NVIDIA Developer Blog · · 16 min read

Develop High-Performance GPU Kernels in C++ with NVIDIA CUDA Tile

Mirrored from NVIDIA Developer Blog for archival readability. Support the source by reading on the original site.

Develop High-Performance GPU Kernels in C++ with NVIDIA CUDA Tile

CUDA Tile example.

AI-Generated Summary

Like
Dislike
  • NVIDIA CUDA Tile C++ enables tile-based GPU kernel programming within existing C++ codebases, abstracting low-level GPU parallelism, memory movement, and hardware features across NVIDIA architectures without explicit thread management.
  • The CUDA Tile C++ programming model uses multi-dimensional tensor spans and partition views to operate on fixed-size array tiles, allowing developers to express parallel computations like vector addition and matrix multiplication more declaratively and efficiently than traditional SIMT kernels.
  • Optimizations such as __restrict__ pointer qualifiers, 16-byte alignment assumptions, and masked load/store operations improve performance and memory efficiency; tile kernels are launched with a single thread per block, letting the compiler handle thread execution details.
  • CUDA Tile C++ kernels support profiling with NVIDIA Nsight Compute, providing detailed tile-specific statistics and source-level performance metrics similar to traditional CUDA C++ kernels.
  • Matrix multiplication kernels leverage tile partitions and NVIDIAs matrix multiply-accumulate (mma) operations for efficient accumulation of partial results, demonstrating CUDA Tiles capability for complex linear algebra workloads.
  • CUDA Tile C++ requires GPUs with compute capability 8.x or newer, NVIDIA Driver R580 or later, and CUDA Toolkit 13.3 or newer to utilize the tile programming model fully.

AI-generated content may summarize information incompletely.

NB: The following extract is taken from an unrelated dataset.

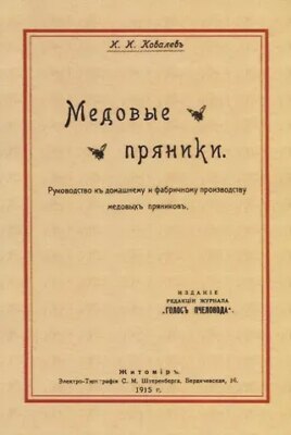 Репринт с издания. Житомир, 1915. Технология приготовления, 84 рецепта. Руководство к домашнему и фабричному производству медовых пряников.

Verify important information. Learn more

Developers can now use NVIDIA CUDA Tile programming within large existing C++  GPU codebases to develop highly optimized GPU kernels using tile-based abstractions. 

NVIDIA CUDA Tile, launched with NVIDIA CUDA 13.1, introduced tile-based programming for GPUs. Designed with a top-level language layer and another intermediate layer that any high-level programming language can target, CUDA Tile automatically makes use of the advanced capabilities of NVIDIA hardware—including tensor cores, shared memory, and tensor memory accelerators—without requiring the application to target them directly. 

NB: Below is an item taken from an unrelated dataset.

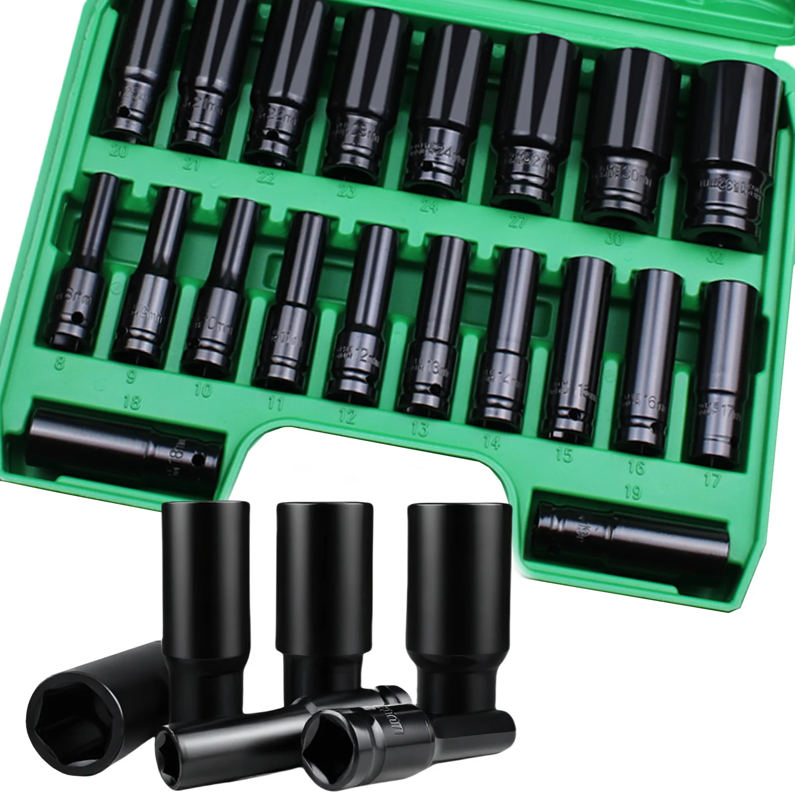 1/2 Inch Drive 6-Point Impact Socket Set 12-20 pcs 8-32mm Metric Sizes

Python was the first language supported for tile-based GPU applications. The newly released CUDA 13.3 adds support for writing tile kernels in C++, enabling developers to build highly optimized GPU kernels.  

What is CUDA Tile C++?

CUDA Tile C++ is an expression of the CUDA Tile programming model in C++, built on top of the CUDA Tile IR specification. It enables developers to write tile kernels in C++ and express GPU kernels using a tile-based model, rather than or in addition to a single instruction, multiple threads (SIMT) model. 

As a refresher, in the tile model:

  • Multi-dimensional arrays are the primary data storage.
  • Tiles are portions of arrays that kernels operate on.
  • Kernels are functions that are executed in parallel by blocks.
  • Blocks are subsets of the GPU; operations on tiles are parallelized across all the threads in each block.

CUDA Tile C++ automates parallelism within blocks, along with asynchrony, memory movement, and other low-level details of GPU programming. CUDA Tile C++ is portable across different NVIDIA GPU architectures, enabling developers to use the latest hardware features without having to rewrite code.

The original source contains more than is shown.